- WORK REQUEST: From the material below, set down exactly the lines that run from the one containing "Amedspor tarafından yapılan" to the one containing "SHEIN Clasi Blusa", minus the pictures.

- INPUT FOR THIS TASK:

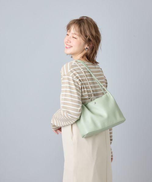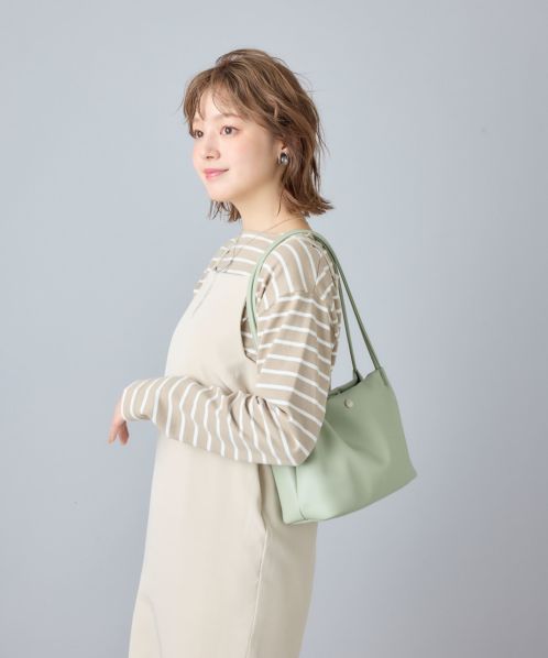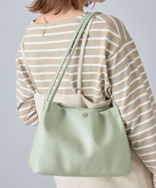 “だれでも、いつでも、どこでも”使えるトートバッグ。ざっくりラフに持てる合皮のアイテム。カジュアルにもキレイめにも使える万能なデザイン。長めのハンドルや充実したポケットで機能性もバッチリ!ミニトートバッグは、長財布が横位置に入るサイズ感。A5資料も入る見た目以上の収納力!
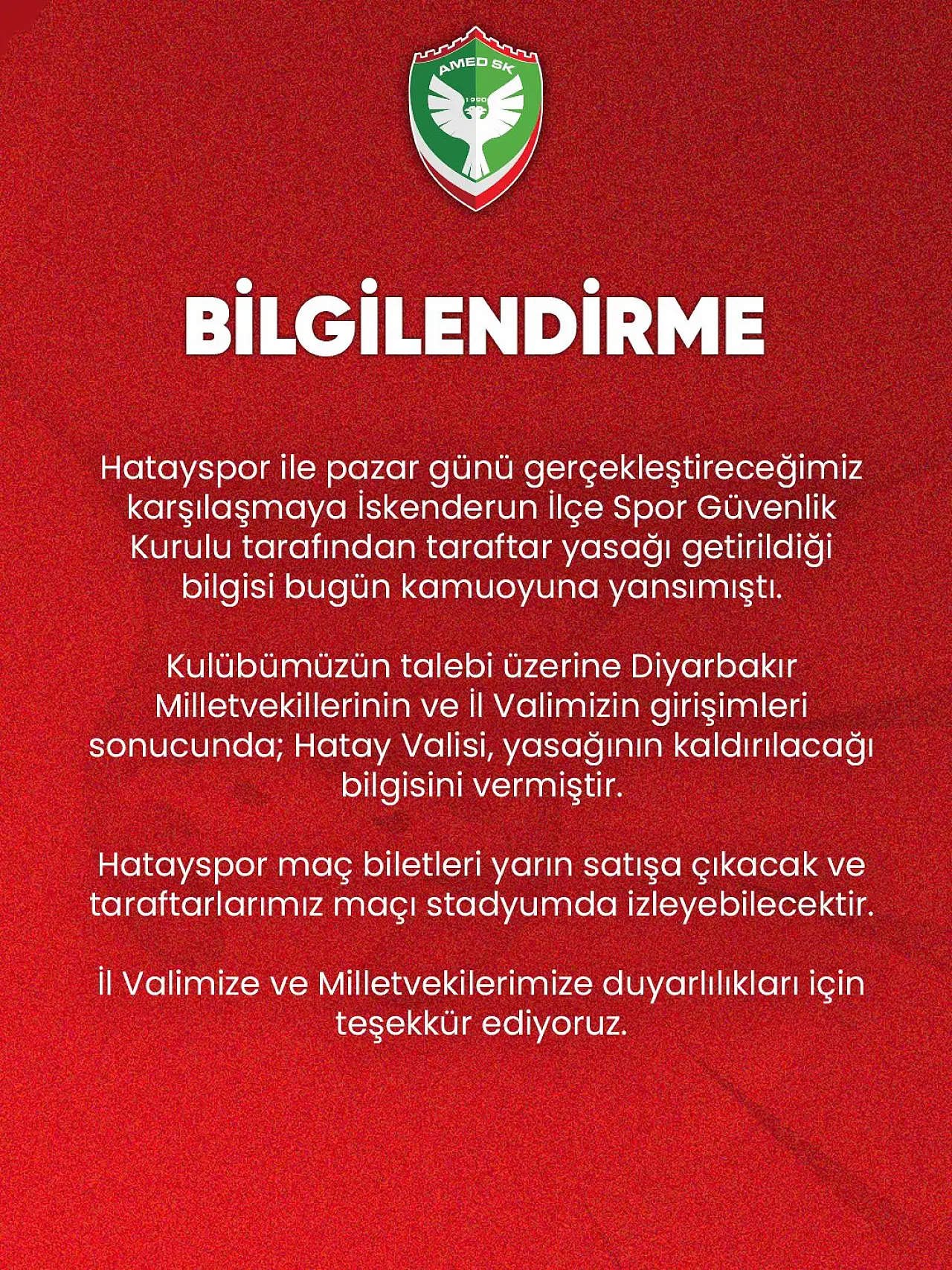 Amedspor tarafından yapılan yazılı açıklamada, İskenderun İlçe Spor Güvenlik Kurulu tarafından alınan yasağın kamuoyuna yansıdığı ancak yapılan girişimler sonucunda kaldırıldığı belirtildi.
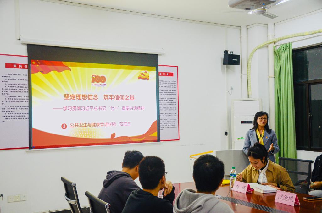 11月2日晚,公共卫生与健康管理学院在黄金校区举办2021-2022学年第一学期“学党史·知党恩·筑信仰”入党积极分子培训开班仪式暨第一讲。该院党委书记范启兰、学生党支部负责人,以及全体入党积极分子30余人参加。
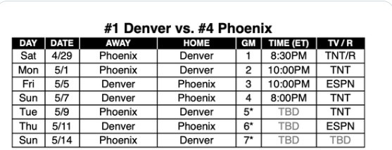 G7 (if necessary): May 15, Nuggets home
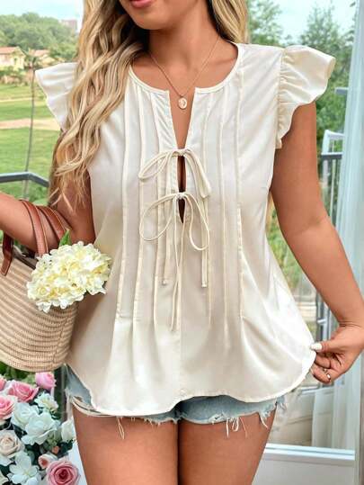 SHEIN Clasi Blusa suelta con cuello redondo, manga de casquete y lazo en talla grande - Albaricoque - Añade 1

--

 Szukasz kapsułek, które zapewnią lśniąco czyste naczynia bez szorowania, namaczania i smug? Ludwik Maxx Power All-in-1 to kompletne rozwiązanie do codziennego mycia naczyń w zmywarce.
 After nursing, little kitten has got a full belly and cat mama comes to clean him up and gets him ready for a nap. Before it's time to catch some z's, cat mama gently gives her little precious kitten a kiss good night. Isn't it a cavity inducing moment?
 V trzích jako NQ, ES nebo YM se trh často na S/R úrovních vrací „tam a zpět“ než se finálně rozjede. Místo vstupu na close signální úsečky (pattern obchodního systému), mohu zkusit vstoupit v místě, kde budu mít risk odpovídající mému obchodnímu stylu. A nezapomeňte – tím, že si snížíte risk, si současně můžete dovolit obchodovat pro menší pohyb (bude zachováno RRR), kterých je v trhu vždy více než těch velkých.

- RESPONSE TO THIS TASK:
 Amedspor tarafından yapılan yazılı açıklamada, İskenderun İlçe Spor Güvenlik Kurulu tarafından alınan yasağın kamuoyuna yansıdığı ancak yapılan girişimler sonucunda kaldırıldığı belirtildi.
 11月2日晚,公共卫生与健康管理学院在黄金校区举办2021-2022学年第一学期“学党史·知党恩·筑信仰”入党积极分子培训开班仪式暨第一讲。该院党委书记范启兰、学生党支部负责人,以及全体入党积极分子30余人参加。
 G7 (if necessary): May 15, Nuggets home
 SHEIN Clasi Blusa suelta con cuello redondo, manga de casquete y lazo en talla grande - Albaricoque - Añade 1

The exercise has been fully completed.